§ **What you will do**: In this exercise, print only the lines of the records below from the one with "Les oiseaux se" through the one with "А пока проводились", inclusive. Pictures are not part of the copy.

§ **Exercise inputs**:
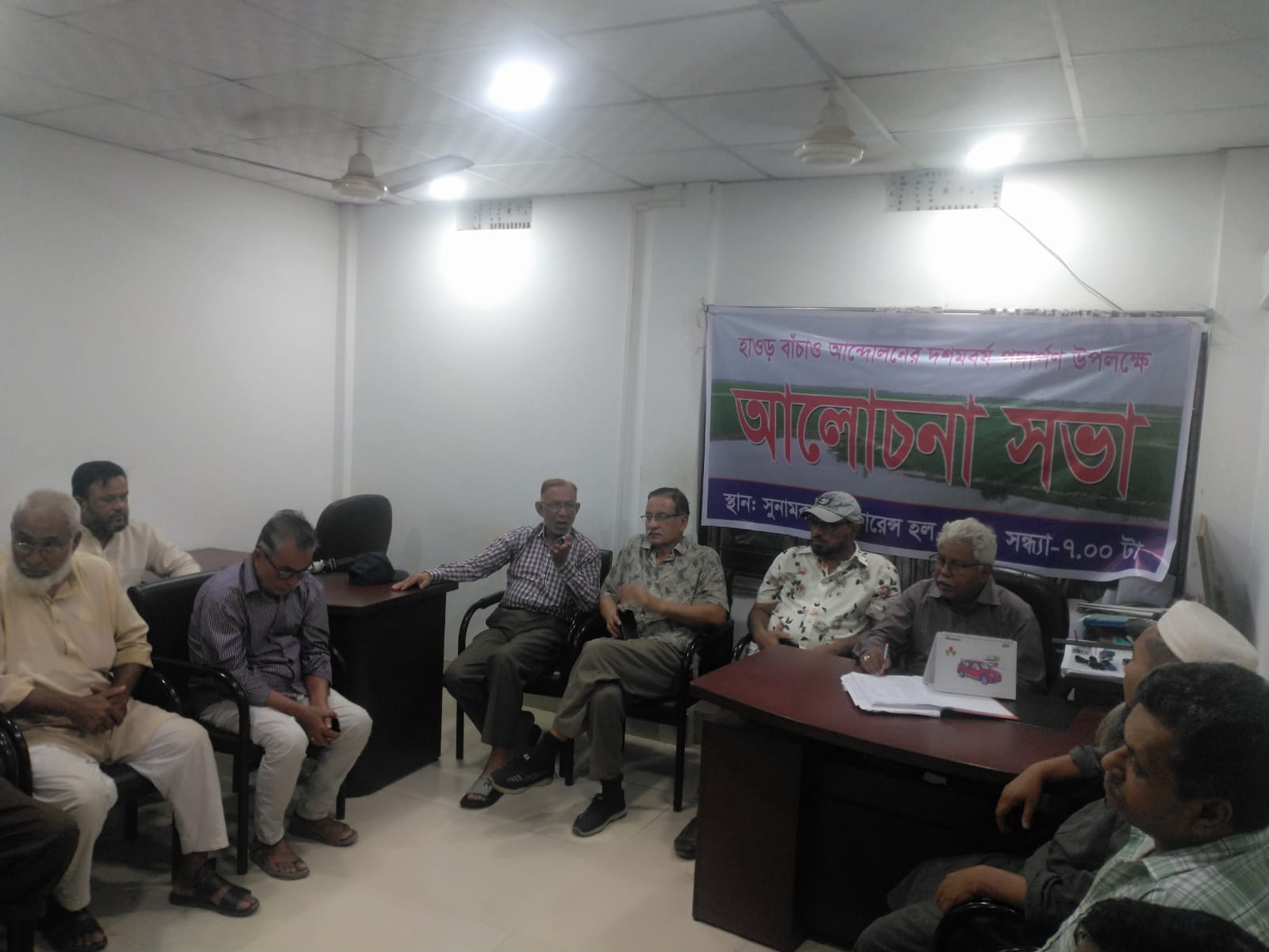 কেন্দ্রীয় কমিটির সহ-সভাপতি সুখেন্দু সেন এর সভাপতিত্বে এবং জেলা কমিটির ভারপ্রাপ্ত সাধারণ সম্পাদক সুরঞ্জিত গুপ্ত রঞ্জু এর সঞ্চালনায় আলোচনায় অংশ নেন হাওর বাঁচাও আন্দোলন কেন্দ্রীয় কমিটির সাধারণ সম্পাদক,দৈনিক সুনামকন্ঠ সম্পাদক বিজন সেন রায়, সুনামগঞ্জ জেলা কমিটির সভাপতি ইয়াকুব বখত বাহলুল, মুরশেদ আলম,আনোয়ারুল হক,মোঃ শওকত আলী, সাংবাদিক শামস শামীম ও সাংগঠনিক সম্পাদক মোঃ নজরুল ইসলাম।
* * *
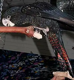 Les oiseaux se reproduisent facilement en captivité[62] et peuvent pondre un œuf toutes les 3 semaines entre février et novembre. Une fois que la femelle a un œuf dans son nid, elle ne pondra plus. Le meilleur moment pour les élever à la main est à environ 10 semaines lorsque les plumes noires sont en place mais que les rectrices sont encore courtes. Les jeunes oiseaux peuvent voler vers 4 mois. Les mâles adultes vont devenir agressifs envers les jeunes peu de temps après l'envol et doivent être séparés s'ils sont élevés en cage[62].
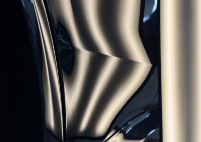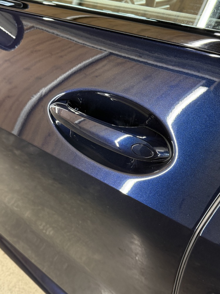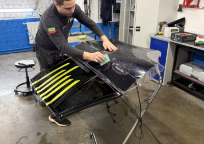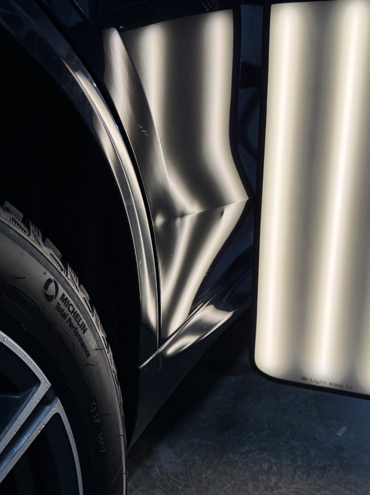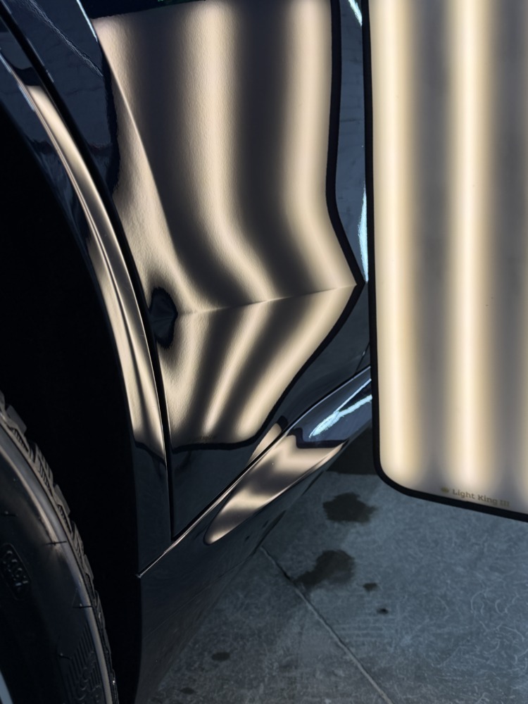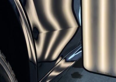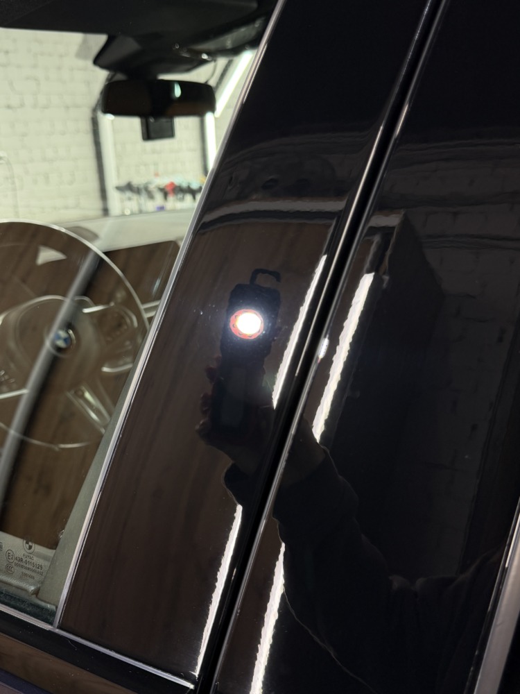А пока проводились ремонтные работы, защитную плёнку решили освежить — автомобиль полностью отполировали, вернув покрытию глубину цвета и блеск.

§ **Answer to this problem**:
 Les oiseaux se reproduisent facilement en captivité[62] et peuvent pondre un œuf toutes les 3 semaines entre février et novembre. Une fois que la femelle a un œuf dans son nid, elle ne pondra plus. Le meilleur moment pour les élever à la main est à environ 10 semaines lorsque les plumes noires sont en place mais que les rectrices sont encore courtes. Les jeunes oiseaux peuvent voler vers 4 mois. Les mâles adultes vont devenir agressifs envers les jeunes peu de temps après l'envol et doivent être séparés s'ils sont élevés en cage[62].
А пока проводились ремонтные работы, защитную плёнку решили освежить — автомобиль полностью отполировали, вернув покрытию глубину цвета и блеск.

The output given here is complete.